Applying Louisiana law, the appellate court reversed, holding that the district court had failed to give "proper effect to the excess policy's insuring and drop-down clauses." Pursuant to the "most straight-forward construction" of the insuring clause, the court indicated that Zurich must pay for covered losses that the primary policy would not cover because it had been exhausted by the payment of benefits. The court further held that its construction of the insuring clause was reinforced by the language of the drop-down clause, which obligated Zurich "in the event of exhaustion, [to] continue in force as primary insurance excess of the retention applicable in the Primary Policy." Accordingly, in the view of the appellate court, Zurich's duty to pay was triggered by a single condition: the exhaustion of the underlying primary policy by actual payment of benefits. Because there was nothing in the plain language of the excess policy stating that Zurich was only bound to pay for losses exceeding $1 million which were incurred during the period of its policy, Zurich was liable "as primary insurer" for the entire $1.6 million in unreimbursed losses.

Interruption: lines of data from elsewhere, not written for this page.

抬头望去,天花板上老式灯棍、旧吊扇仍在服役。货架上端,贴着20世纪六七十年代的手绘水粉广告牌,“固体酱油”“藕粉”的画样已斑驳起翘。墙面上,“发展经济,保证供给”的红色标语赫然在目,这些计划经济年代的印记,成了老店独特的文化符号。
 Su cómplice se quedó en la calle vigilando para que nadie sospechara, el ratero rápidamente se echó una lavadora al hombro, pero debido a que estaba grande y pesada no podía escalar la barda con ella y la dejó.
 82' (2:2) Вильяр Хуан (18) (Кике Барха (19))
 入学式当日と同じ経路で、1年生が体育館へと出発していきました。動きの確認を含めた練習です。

Termination of Coverage: Citing an undeveloped factual record, the court in Akins Food, Inc. v. American and Foreign Insurance Co., No. C04-2195JLR, 2005 WL 2090678 (W.D. Wash. Aug. 30, 2005), refused to grant summary judgment in the insurer's favor, even though the insured's bookkeeper received an employment application disclosing an employee's prior conviction for grand theft auto prior to a theft-related loss. Discussing whether the insured had "discovered" the existence of this prior dishonest act prior to the loss, the court found that the term "discovery" was ambiguous since it was susceptible to two different – albeit reasonable – interpretations: (1) "discovery" requires actual knowledge by the insured; or (2) "discovery" requires only constructive knowledge by the insured.

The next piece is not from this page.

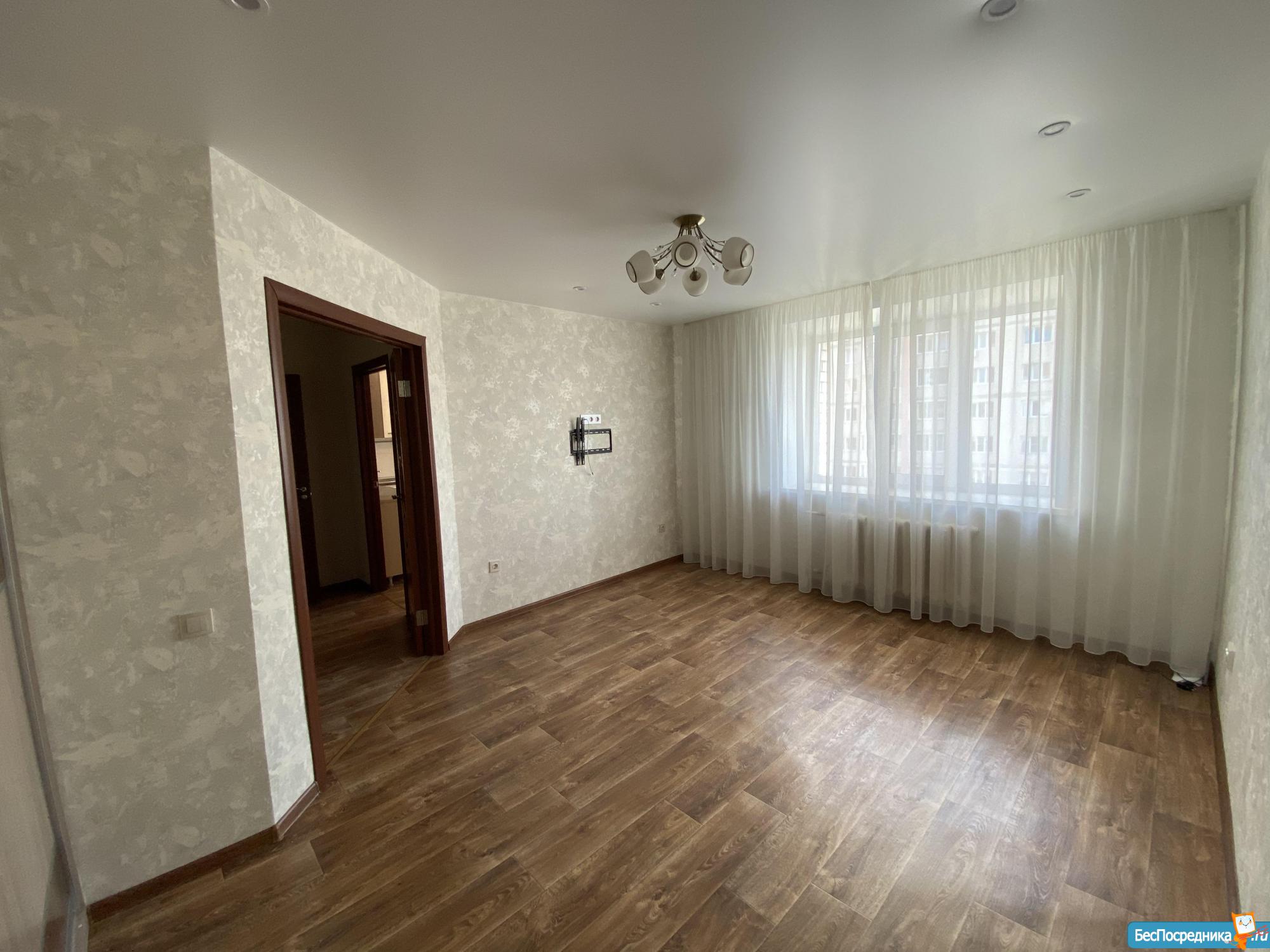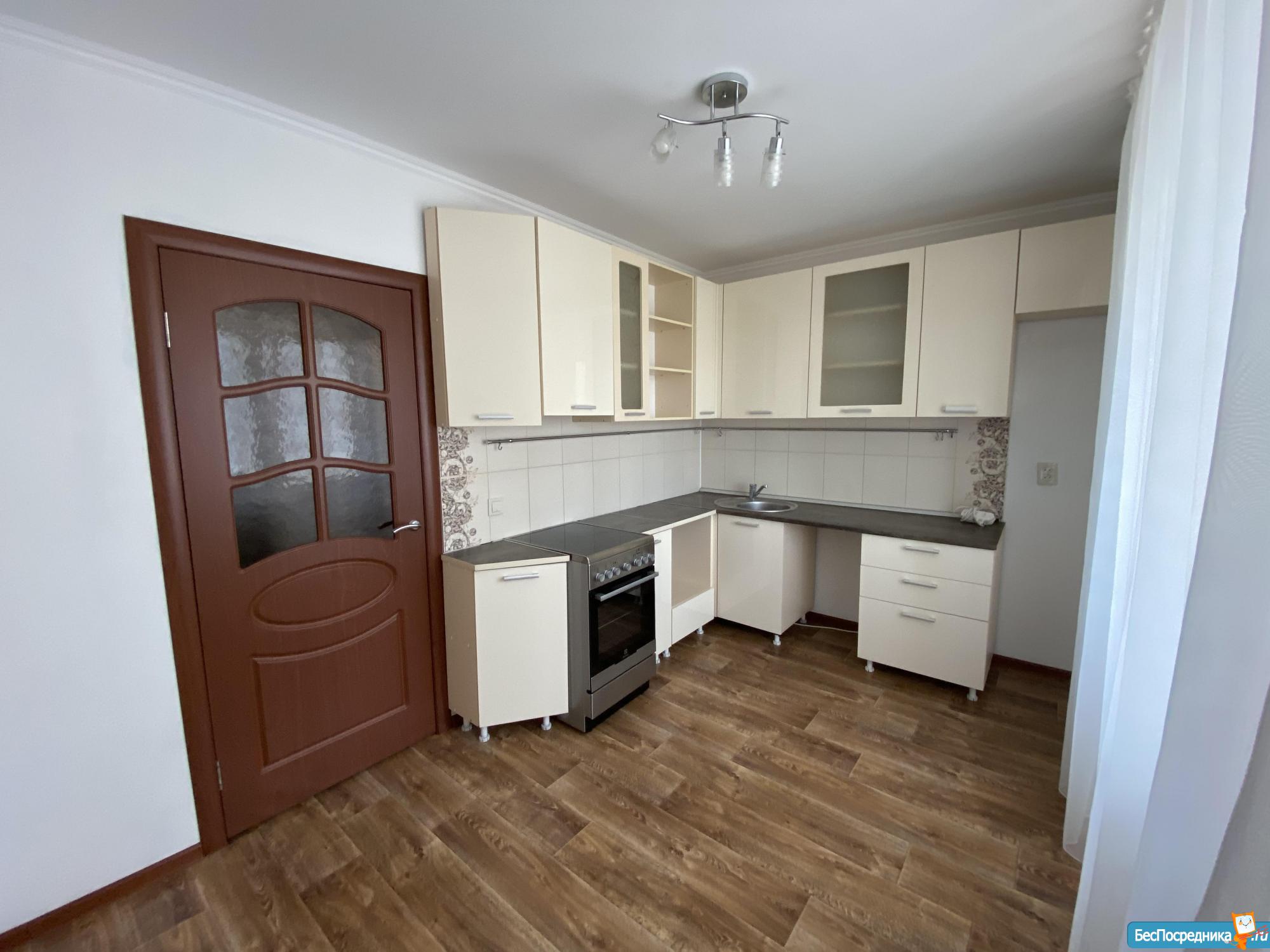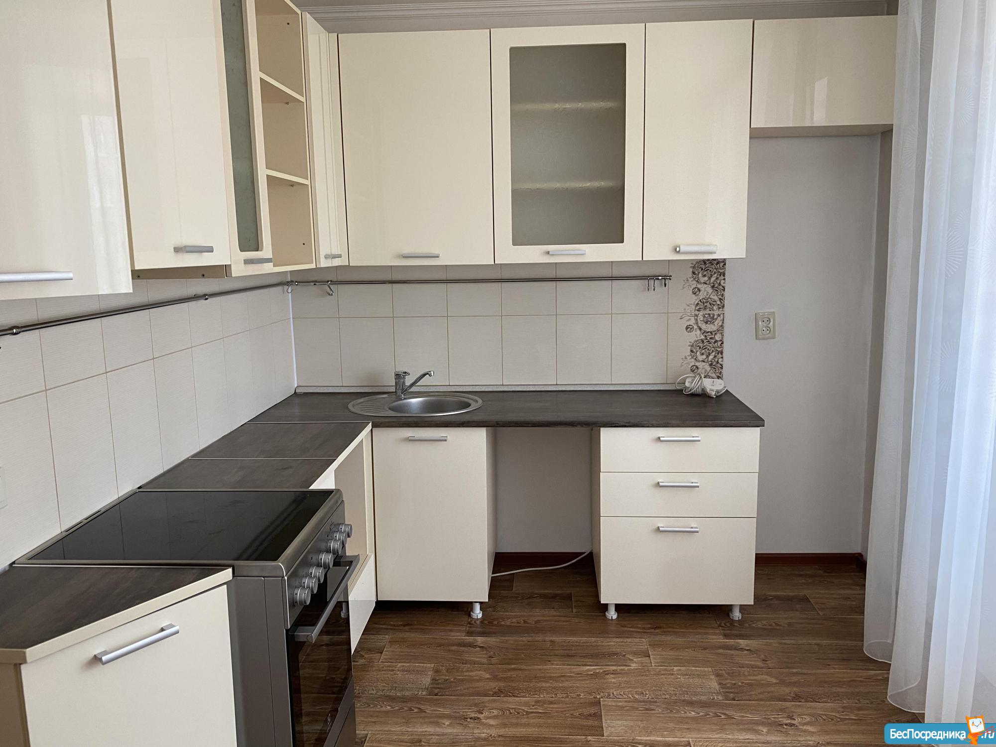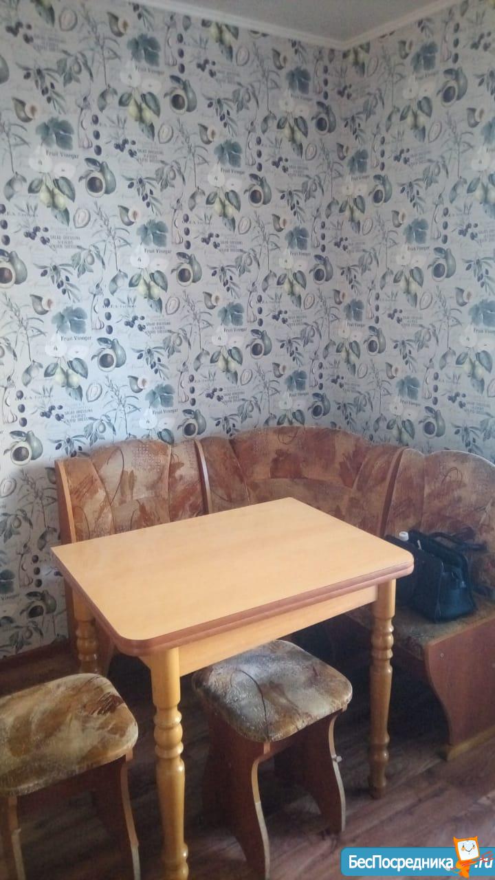 В квартире застекленный балкон, раскладывающийся диван, стол, кухонный гарнитур , новый холодильник, индукционная плита, вытяжка, духовка.

Construing the term against the insurer, the Akins court held that, to exclude coverage, "at least one of the specified … officials in the insurance agreement (i.e., partner, member, manager) must have had actual knowledge of [the] prior theft or dishonest act." Id. at *3. Placing the burden of proof upon the insurer, the court rejected the argument that the bookkeeper's alleged knowledge was sufficient to charge the insured with actual knowledge. The bookkeeper (ironically named "Heist") appeared to have performed "more of a ministerial role in accepting applications," and the record was "devoid of information relating to Heist's responsibilities regarding the processing of employment applications, regarding the processing of employment applications, her actual knowledge of [the] prior conviction, or any delegation of authority."
Thus, despite the fact that the "discovery" language discussed in Akins is often contained in the "conditions" section of the policy (and therefore would be an issue upon which the insured traditionally bears the burden of proof), an insurer wishing to prevail upon this issue would be well advised to: (1) proceed as if it bears the burden of proof, even though it likely will not concede this point; and (2) discover sufficient evidence establishing that a person with an appropriate level of authority (or a person who was explicitly delegated such authority) actually acquired knowledge regarding the prior act in question.